Teaching critical thinking requires us to go beyond creating engaging lessons. Curricula must be

taught by inspiring moments of wonder by telling stories, leading investigations and

encouraging experimentation and inspiring students to bring their own big questions into the

classroom. Always encourage students to take the lead in their learning to ask, investigate their

passions and challenge what they see, hear and read.

2. Creating Life-Long Learners


“The only fence against the world is a thorough knowledge of it” –John Locke

If knowledge is a tool, let it be one that brings mobility over sustainability. If it is a fence

to climb, let knowledge be the lens to see its structure and limitations. If knowledge is to be
gained through education, let it be taught with deliberate inequality, giving tools and support

where they are needed most rather than where they are cherished least.

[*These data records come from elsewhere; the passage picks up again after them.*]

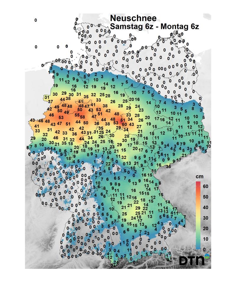 Bei Arome kann man die 850er einsehen und dort ist eine warme Nase in der Sonntagnacht von 3-5Uhr auf der höhe Venlo-Wesel, sonst südlicher mit um 0°C, dabei fallen etwa 5-10mm. Sollten also im Extremfall 10mm als Eisregen fallen, wären da noch verbreitet 20-25mm die als Schnee fallen und dann sollen da nur maximal 16cm liegen?
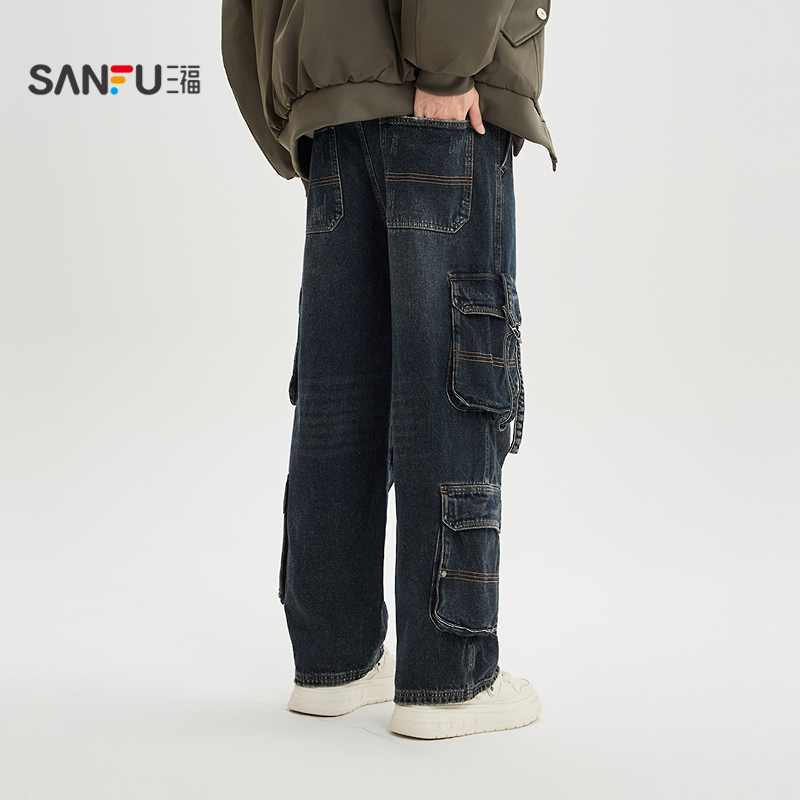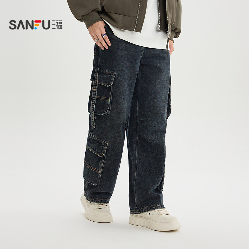 三福2025冬季男士工装磨毛牛仔裤 多口袋宽松直筒长裤511775
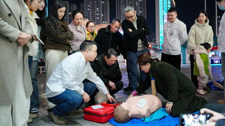 活动现场宜昌市中心人民医院心血管内科、神经内科等多学科专家团队及伍家岗区城东社区医院医疗力量,为市民提供“一站式”健康服务。专家们现场开展心血管病咨询、风险筛查与评估,心梗早期识别科普,重点讲解胸痛、胸闷、呼吸困难等心梗“预警信号”,针对慢病患者开展合理用药与安全用药指导;普及健康饮食、适量运动、戒烟限酒等健康生活方式知识,降低心血管病风险;现场示范培训基本心肺复苏(CPR)及自动体外除颤器(AED)使用方法,提升居民应对突发心脏事件的自救互救能力;并向居民发放心脏健康知识、心梗识别要点等健康科普资料。“有胸痛,我要拨打120;心梗救治,争取黄金120分钟”,活动将重点普及这一核心救治理念。让“防筛管治康”理念深入人心。

Becoming a life-long learner is not merely a habit or ambition. It is a frame of mind, a

curiosity to consider, analyze and investigate beyond what can be reasonably accomplished by

any other. If our end game as educators is to create students who will challenge themselves to

be life-long learners, students need the tools to fuel their ambitions. An individual who is

conscious of their surroundings and informed on their place within it. While teachers cannot

inspire every student, nor attain their goals for critical thinking in all students, it is within their

purview to build the comprehension skills necessary for that success. It is with this thinking in

mind that I place so much value on the need to give every student both the foundational

literacy skills to read and a direction towards their answering the questions of their learning

and their lives.

One of the most productive ways to build foundational literacy skills is by spending less

of our time explicitly instructing the skill itself, and more on the concepts, questions and ideas

that give the skill purpose, that make it a tool in education. Without the desire to build from

our passions, as teachers and as students, we will build fences around ourselves, our thinking

and our potential. These barriers not only prevent us from gaining knowledge and perspective,

but strip social, political, and economic capital away from the individual.